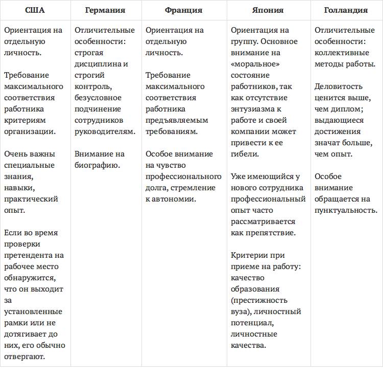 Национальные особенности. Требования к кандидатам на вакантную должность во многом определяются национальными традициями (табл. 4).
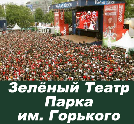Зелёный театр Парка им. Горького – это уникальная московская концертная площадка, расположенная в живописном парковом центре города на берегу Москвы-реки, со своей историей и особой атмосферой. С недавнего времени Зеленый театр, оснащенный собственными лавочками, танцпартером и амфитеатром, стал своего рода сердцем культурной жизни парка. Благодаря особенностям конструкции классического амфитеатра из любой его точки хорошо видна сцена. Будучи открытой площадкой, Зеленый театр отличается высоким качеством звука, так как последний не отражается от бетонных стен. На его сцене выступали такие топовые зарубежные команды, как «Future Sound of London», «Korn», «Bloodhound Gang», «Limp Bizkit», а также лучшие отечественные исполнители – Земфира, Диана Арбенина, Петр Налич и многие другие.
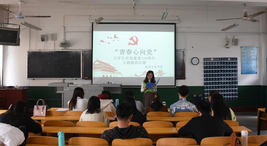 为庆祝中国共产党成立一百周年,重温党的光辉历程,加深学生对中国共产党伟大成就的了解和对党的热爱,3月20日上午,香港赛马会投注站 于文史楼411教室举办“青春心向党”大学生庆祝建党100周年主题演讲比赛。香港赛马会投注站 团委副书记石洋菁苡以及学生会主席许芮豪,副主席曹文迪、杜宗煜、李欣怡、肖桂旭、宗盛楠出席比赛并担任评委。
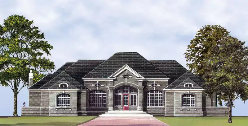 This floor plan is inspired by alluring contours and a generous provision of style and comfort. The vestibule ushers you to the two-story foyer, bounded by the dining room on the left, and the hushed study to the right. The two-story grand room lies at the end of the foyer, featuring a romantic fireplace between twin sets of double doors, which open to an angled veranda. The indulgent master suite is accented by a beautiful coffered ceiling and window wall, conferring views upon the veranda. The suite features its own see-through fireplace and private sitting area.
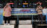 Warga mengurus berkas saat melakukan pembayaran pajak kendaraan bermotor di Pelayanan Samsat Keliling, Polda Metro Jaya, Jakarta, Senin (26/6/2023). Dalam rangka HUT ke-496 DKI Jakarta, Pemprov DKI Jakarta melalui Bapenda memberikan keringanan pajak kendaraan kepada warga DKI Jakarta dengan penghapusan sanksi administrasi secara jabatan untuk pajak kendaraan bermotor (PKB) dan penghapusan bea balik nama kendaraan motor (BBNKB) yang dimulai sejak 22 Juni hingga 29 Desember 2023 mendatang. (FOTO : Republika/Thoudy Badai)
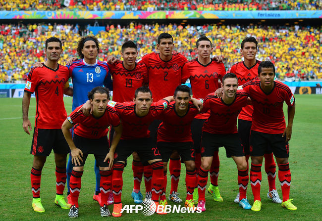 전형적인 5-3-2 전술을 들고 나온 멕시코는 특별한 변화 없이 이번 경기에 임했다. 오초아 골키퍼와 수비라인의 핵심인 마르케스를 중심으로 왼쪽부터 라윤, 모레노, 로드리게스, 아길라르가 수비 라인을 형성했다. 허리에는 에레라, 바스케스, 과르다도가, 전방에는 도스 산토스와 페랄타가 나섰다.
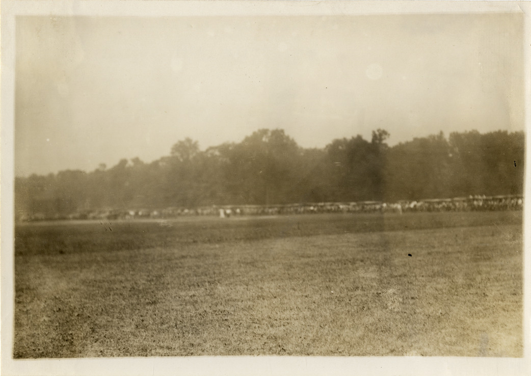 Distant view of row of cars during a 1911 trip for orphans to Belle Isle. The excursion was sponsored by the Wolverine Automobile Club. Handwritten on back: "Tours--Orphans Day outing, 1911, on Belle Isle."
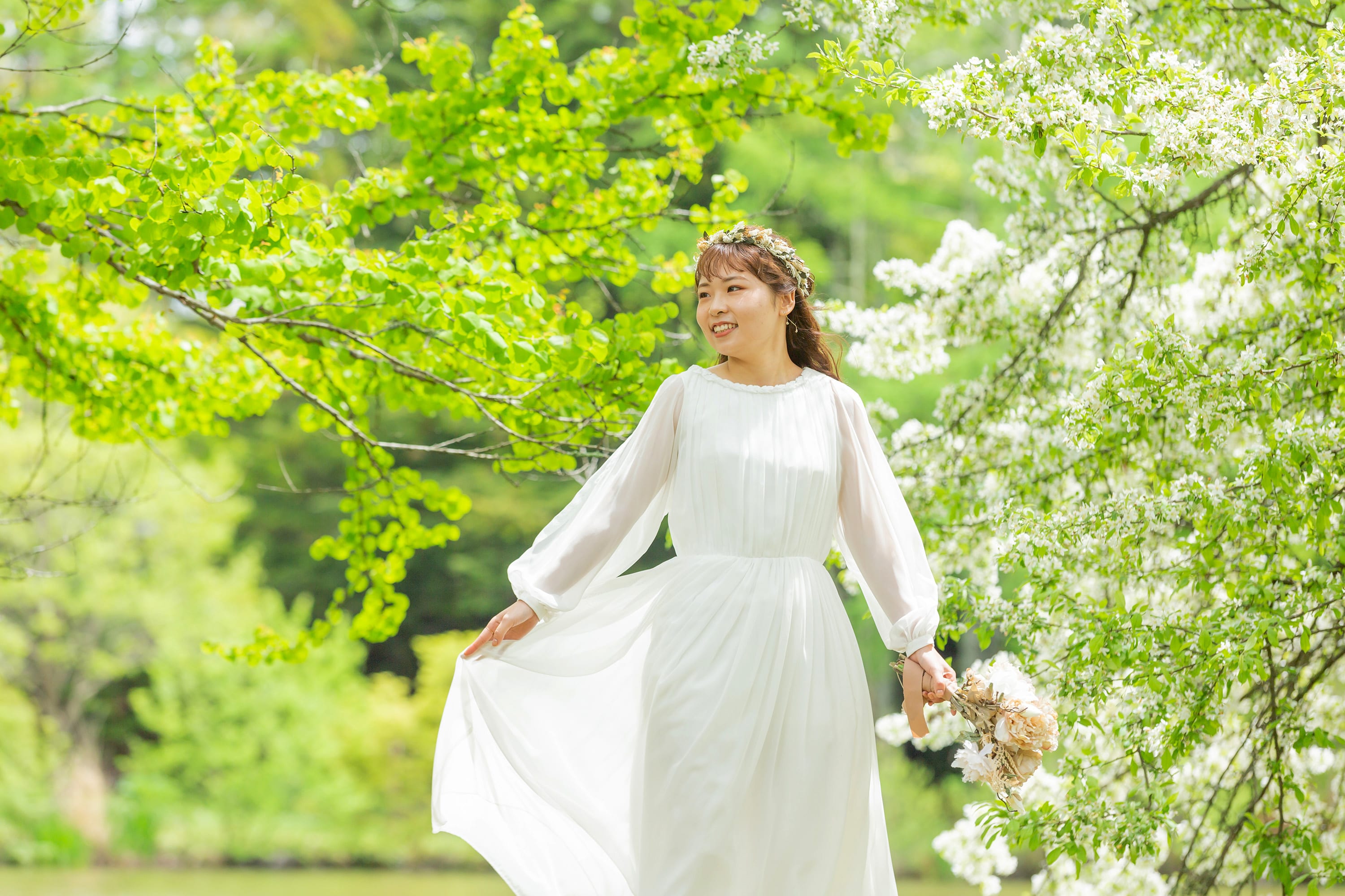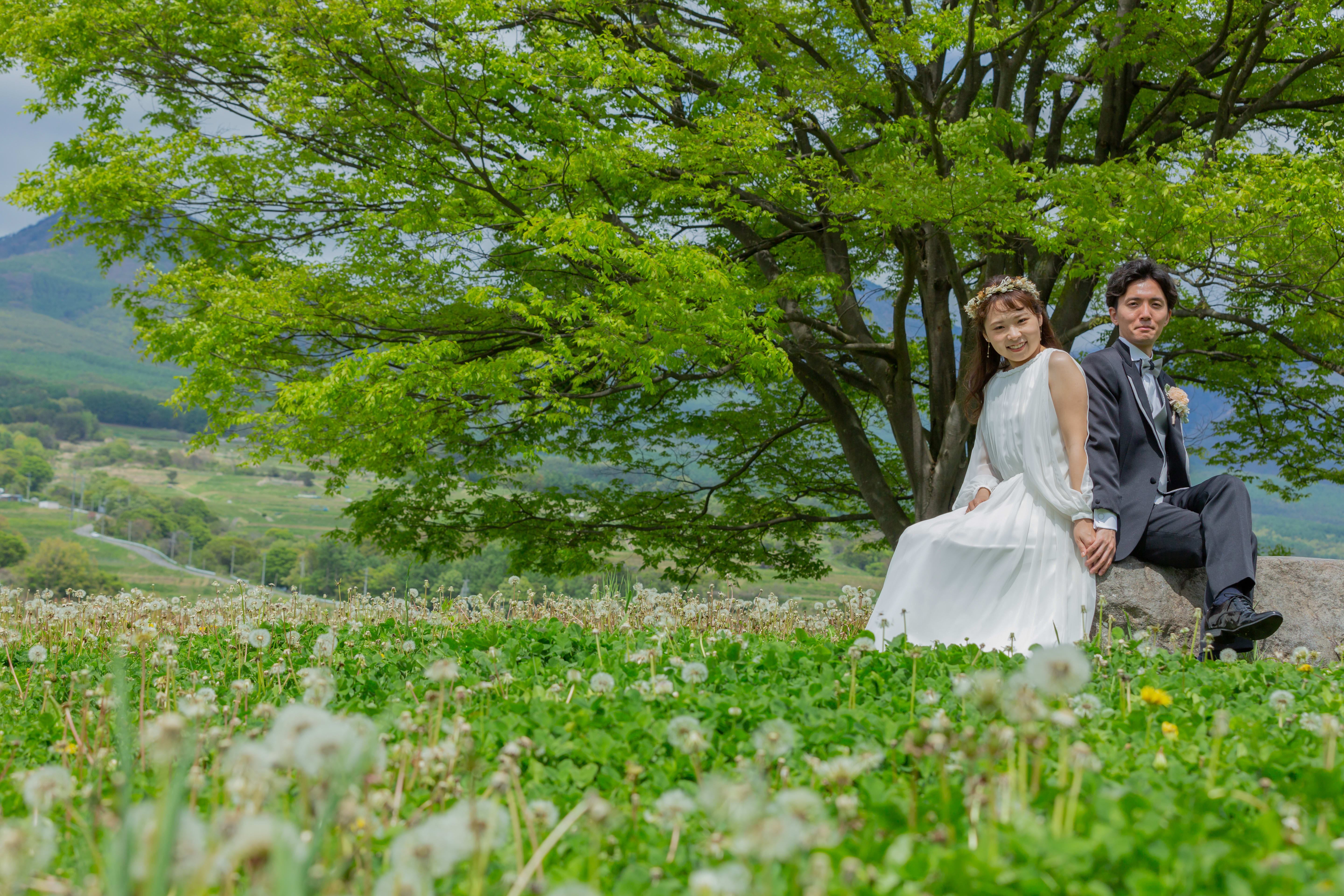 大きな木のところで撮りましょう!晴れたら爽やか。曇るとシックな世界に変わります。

..........

> TASK DIRECTIONS
Output every entry verbatim but skip the pictures.

> REPLY TO THE EXERCISE
 Национальные особенности. Требования к кандидатам на вакантную должность во многом определяются национальными традициями (табл. 4).
Зелёный театр Парка им. Горького – это уникальная московская концертная площадка, расположенная в живописном парковом центре города на берегу Москвы-реки, со своей историей и особой атмосферой. С недавнего времени Зеленый театр, оснащенный собственными лавочками, танцпартером и амфитеатром, стал своего рода сердцем культурной жизни парка. Благодаря особенностям конструкции классического амфитеатра из любой его точки хорошо видна сцена. Будучи открытой площадкой, Зеленый театр отличается высоким качеством звука, так как последний не отражается от бетонных стен. На его сцене выступали такие топовые зарубежные команды, как «Future Sound of London», «Korn», «Bloodhound Gang», «Limp Bizkit», а также лучшие отечественные исполнители – Земфира, Диана Арбенина, Петр Налич и многие другие.
 为庆祝中国共产党成立一百周年,重温党的光辉历程,加深学生对中国共产党伟大成就的了解和对党的热爱,3月20日上午,香港赛马会投注站 于文史楼411教室举办“青春心向党”大学生庆祝建党100周年主题演讲比赛。香港赛马会投注站 团委副书记石洋菁苡以及学生会主席许芮豪,副主席曹文迪、杜宗煜、李欣怡、肖桂旭、宗盛楠出席比赛并担任评委。
 This floor plan is inspired by alluring contours and a generous provision of style and comfort. The vestibule ushers you to the two-story foyer, bounded by the dining room on the left, and the hushed study to the right. The two-story grand room lies at the end of the foyer, featuring a romantic fireplace between twin sets of double doors, which open to an angled veranda. The indulgent master suite is accented by a beautiful coffered ceiling and window wall, conferring views upon the veranda. The suite features its own see-through fireplace and private sitting area.
 Warga mengurus berkas saat melakukan pembayaran pajak kendaraan bermotor di Pelayanan Samsat Keliling, Polda Metro Jaya, Jakarta, Senin (26/6/2023). Dalam rangka HUT ke-496 DKI Jakarta, Pemprov DKI Jakarta melalui Bapenda memberikan keringanan pajak kendaraan kepada warga DKI Jakarta dengan penghapusan sanksi administrasi secara jabatan untuk pajak kendaraan bermotor (PKB) dan penghapusan bea balik nama kendaraan motor (BBNKB) yang dimulai sejak 22 Juni hingga 29 Desember 2023 mendatang. (FOTO : Republika/Thoudy Badai)
 전형적인 5-3-2 전술을 들고 나온 멕시코는 특별한 변화 없이 이번 경기에 임했다. 오초아 골키퍼와 수비라인의 핵심인 마르케스를 중심으로 왼쪽부터 라윤, 모레노, 로드리게스, 아길라르가 수비 라인을 형성했다. 허리에는 에레라, 바스케스, 과르다도가, 전방에는 도스 산토스와 페랄타가 나섰다.
 Distant view of row of cars during a 1911 trip for orphans to Belle Isle. The excursion was sponsored by the Wolverine Automobile Club. Handwritten on back: "Tours--Orphans Day outing, 1911, on Belle Isle."
 大きな木のところで撮りましょう!晴れたら爽やか。曇るとシックな世界に変わります。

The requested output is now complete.